Não esqueça de retirar aquelas partes cheias de dobras, onde o veneno se acumula e não dá para lavar. Alimentos com a casca comprometida ou mutilados, deverão ser evitados, uma vez que o veneno já penetrou na parte interna, ou polpa.
As folhas, como alface, deverão ficar de molho na solução acima por 30 minutos. Depois as folhas deverão passar pelo enxágue com água filtrada. Quando as folhas estiverem secas, a alface deve ser guardada em recipiente com tampa, e levada ao refrigerador. Tomates e batatas deverão ficar fora da geladeira para que ocorra a degradação dos pesticidas.
Transformando Alimentos Contaminados em Orgânicos
Você sabia que isso é possível? Pois bem, vejamos como.
Compre na farmácia Tintura de Iodo à 2% e proceda da seguinte forma: "Para cada litro de água misture aproximadamente 5ml da solução. Depois coloque dentro dessa água os legumes que deseja descontaminar."
Deixe em local protegido da Luz por aproximadamente 1 hora. Feito isso, basta enxaguar e está pronto, e você terá em mãos alimentos com jeito de Orgânicos, livres de qualquer tipo de contaminação.
Claro que Não podemos compará-los com os alimentos Orgânicos autênticos, uma vez que os vegetais depois de submetidos aos agrotóxicos perdem a maior parte do seu o potencial nutricional. Sem contar que as bactérias que se transformariam em agentes probióticos em nosso trato digestivo são eliminadas, enquanto que outras mudam geneticamente, se transformando em agentes cancerígenos. Mas, como consolo, pelo menos as toxinas são removidas.
Conclusão...
Entretanto, caso deseje simplificar sua vida, prefira sempre alimentos Orgânicos de procedência conhecida e confiável.
E por que devemos preferir o consumo de vegetais orgânicos?
Entenda porque os Alimentos Orgânicos são Superiores...
Além de conter infinitamente mais nutrientes que os alimentos de cultivo tradicional, como orgânicos, sua cadeia química original se mantém preservada.

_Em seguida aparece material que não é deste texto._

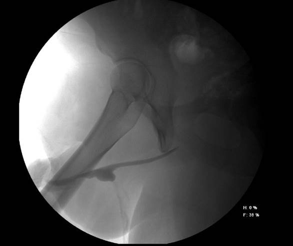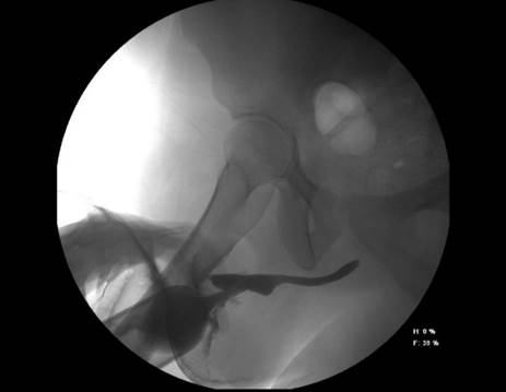Figura 2 Se observa fuga de medio de contraste a nivel central y permeabilidad de uretra distal y proximal a jeringa con medio de contraste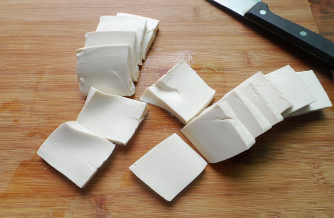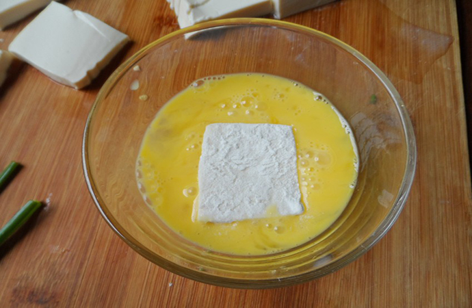 1.豆腐用清水浸泡10分鐘,瀝干水分,切成塊狀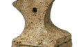 手捏ねと削りによって形を整えたもので、仏像を表現しようとしたものでしょう。右手を前に出し、左手に持っているのは水瓶であろう。黒笹8号窯から多数の陶塔片が出ており、軸部第一層内面の一部に取りつけられていたものでしょうか。
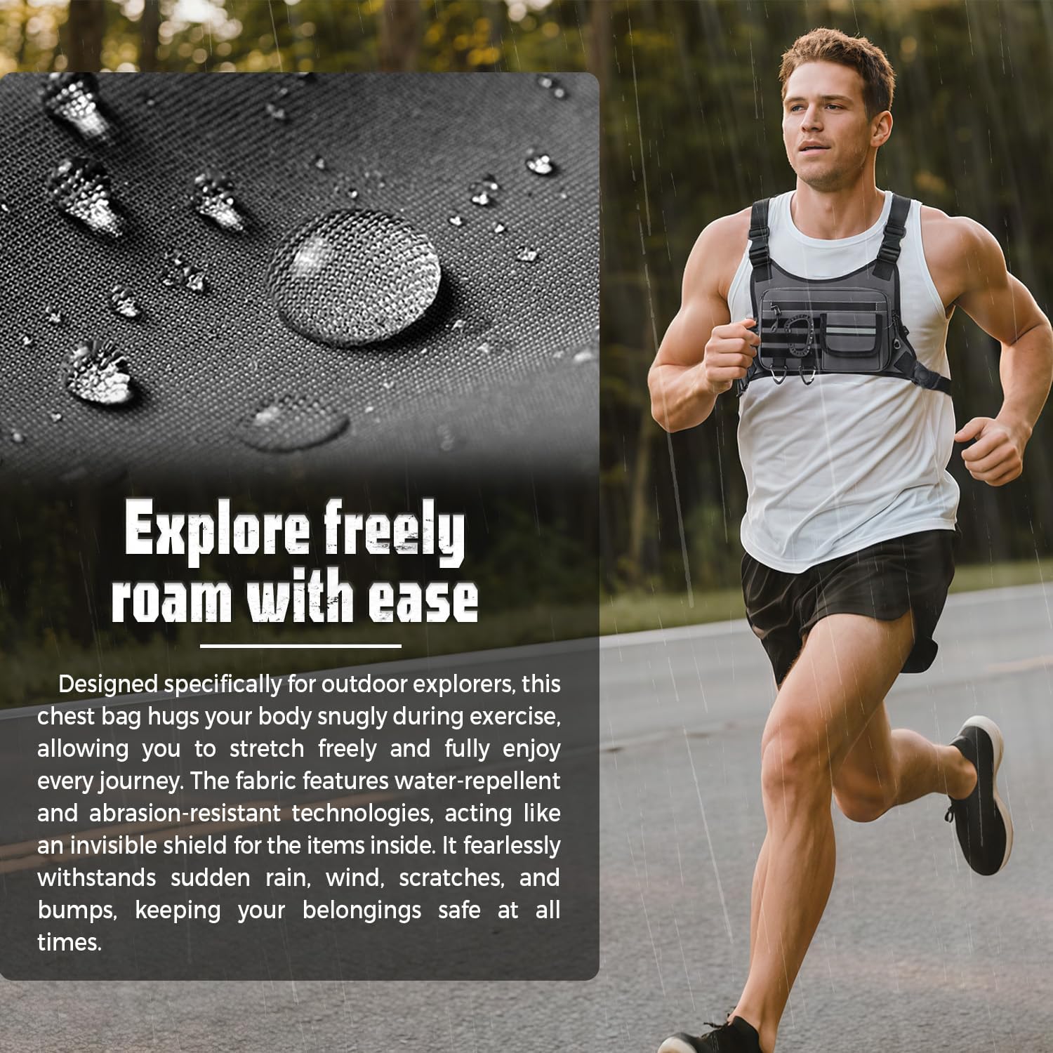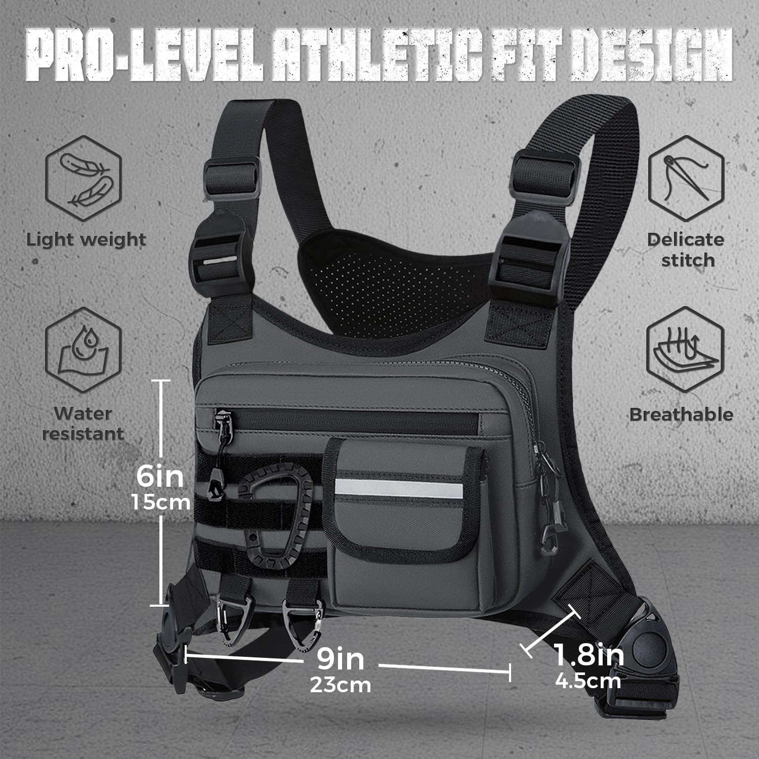 • 4) Our tactical chest backpack is made of durable nylon, very sturdy, suitable for running, hiking, fishing, hunting, wild adventure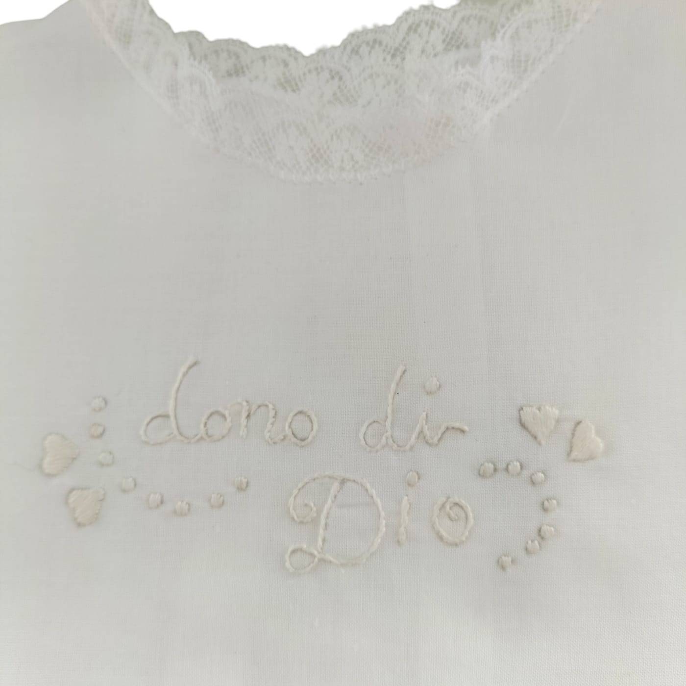 Realizzata su una base di puro cotone 100% color bianco e ricamata a mano tono su tono con la scritta: "Dono di Dio".
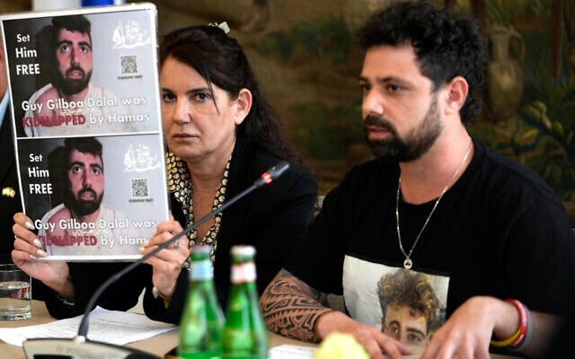Merav Gilboa-Dalal, left, shows a photo of her son Guy, one of the hostages being held by Hamas, as she’s flanked by Guy’s brother Gal, during a press conference in Rome, April 8, 2024. (Alessandra Tarantino/AP)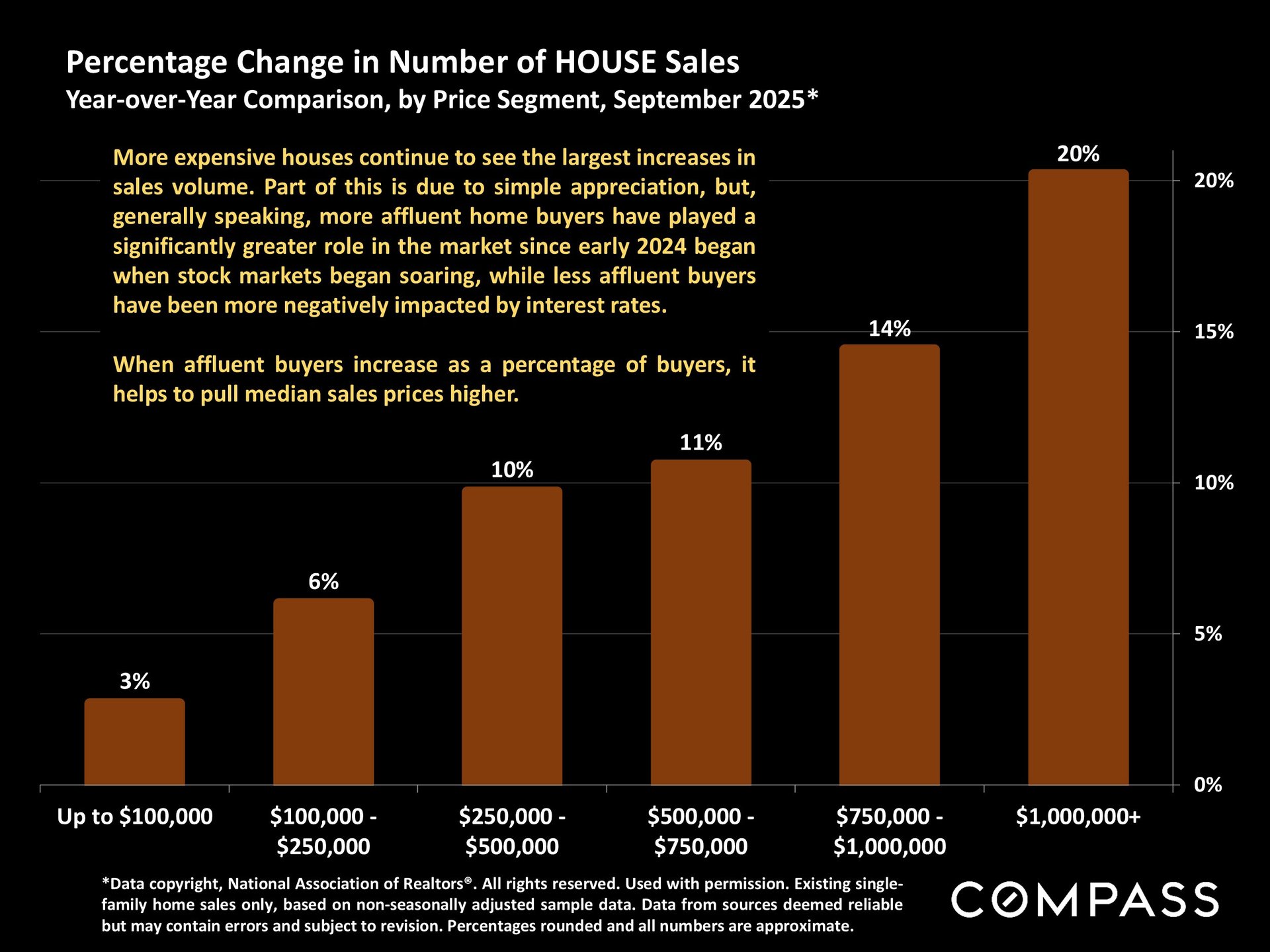 Interestingly, higher-priced homes have seen a faster increase in sales activity compared to more affordable segments. Nationally, the highest bracket tracked—homes over $1 million—has shown significant momentum. In ultra-luxury markets, homes priced above $5 million are driving some of the largest year-over-year gains.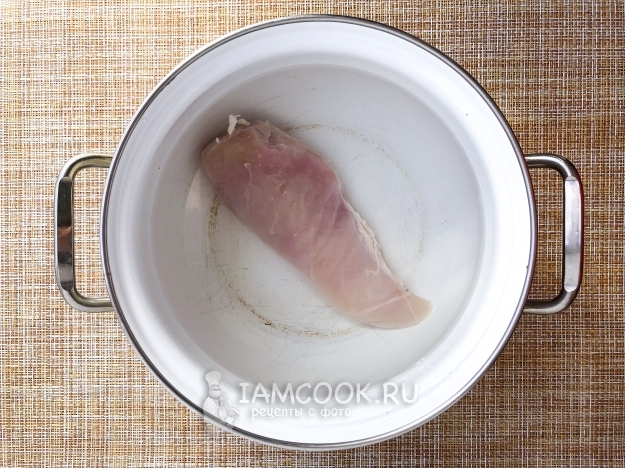 Для начала сварим куриный бульон. Налейте в кастрюлю 1 литр воды, положите курицу и варите 40 минут.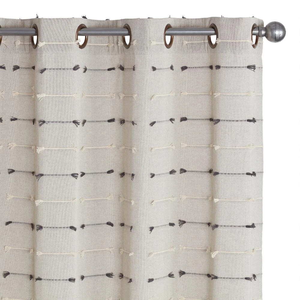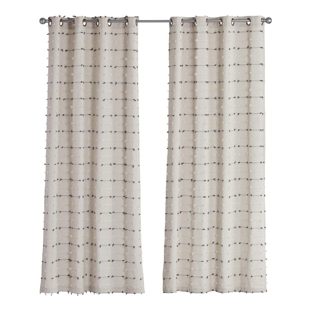 Create a casual, texture-rich backdrop in any room of your home with this pair of light-diffusing cotton curtains. With a sophisticated palette of light gray, charcoal gray and ivory, the cut-loop embroidered lines spanning each panel add a touch of dimension that complements farmhouse-rustic and minimalist-modern spaces alike.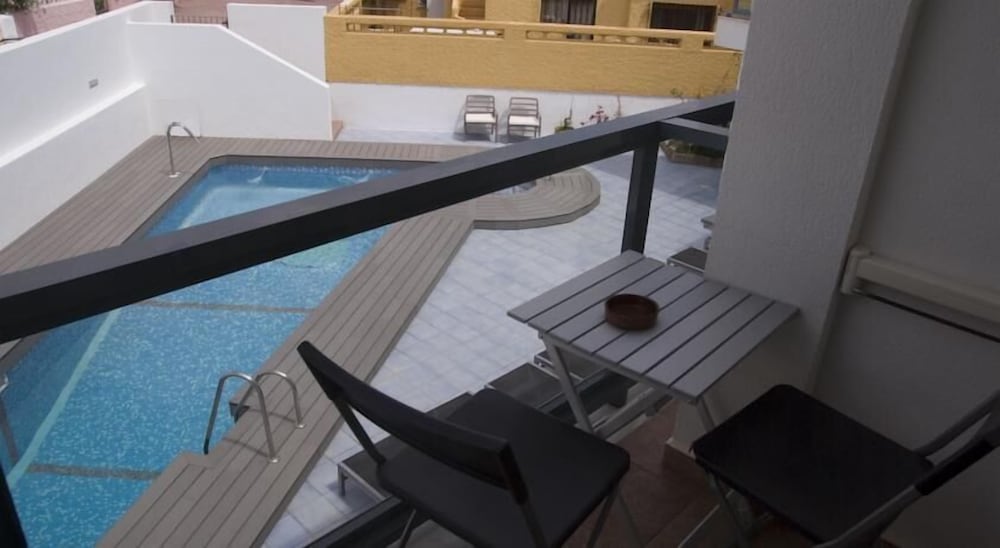 This hotel was ideally situated a short stroll from the beach, the little port and many restaurants. It is a new smart little place with on-site parking and a small pool, and is easily found on the right as you enter San Jose on the main road. Our room was bright and clean, fully equipped, quiet and comfortable.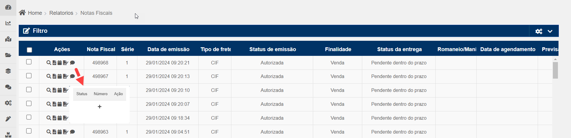 2. Pelas telas de relatórios, como por exemplo relatório de notas fiscais, após realizar a busca pela nota, será exibido um botão “Ticket” na coluna de ações do relatório, ao clicar nele, será aberta a página de formulário para a criação de tickets.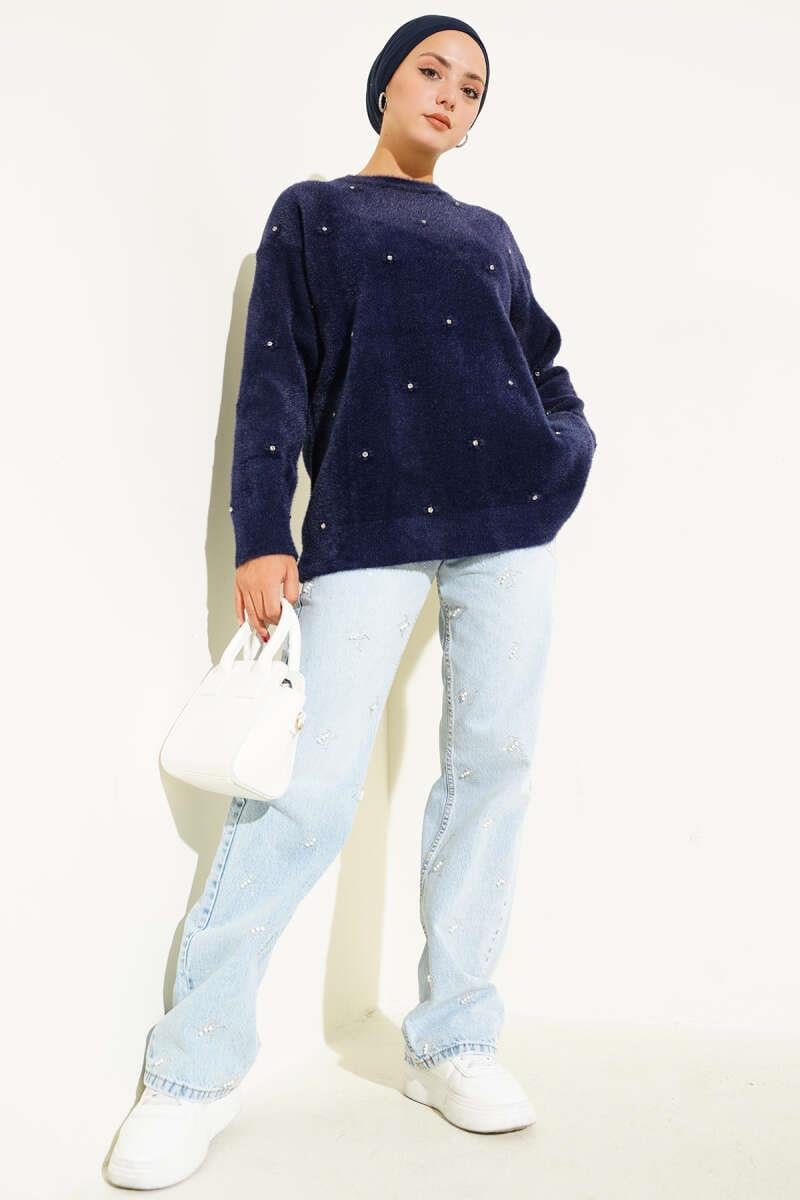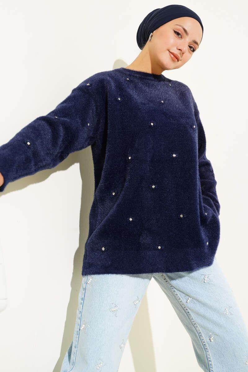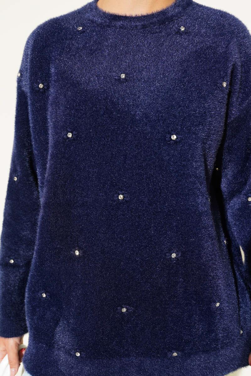 Stone Detailed Bearded Sweater Navy Blue (0853-2409-672860)

Possuem mais nutrientes porque são cultivados em terrenos vivos, onde os minerais e demais fitoquímicos são preservados. Nada disso ocorre no plantio tradicional, onde a terra além de esgotada, é bombardeada com cargas avassaladoras de inseticidas químicos, desfoliadores e agentes de crescimento acelerado que são sabidamente cancerígenos. Isso acaba por provocar a morte sumária da terra, e vegetal cultivado em terra morta é naturalmente desprovido de nutrientes.
Na prática isso quer dizer que, apenas no cultivo Orgânico as bactérias que residem nos alimentos, as mesmas que atuam como probióticos no interior dos intestinos, se mantém vivas. Como foi dito antes, isso não acontece nas formas de cultivo tradicionais.
São essas bactérias benéficas que ajudam no processamento e qualidade da absorção dos nutrientes de todos alimentos que ingerimos. Sem contar que são as responsáveis diretas pela regularidade e saúde do nosso trânsito intestinal, mantendo os órgãos internos limpos, livres das impurezas e toxinas que tendem a se acumular após a ingestão de alimentos industrializados.
E por fim...
O site não se presta a fazer o papel do seu Médico, nem de prescrever medicações de qualquer natureza para qualquer tipo de patologia, mas apenas de servir como fonte de informação para seu esclarecimento.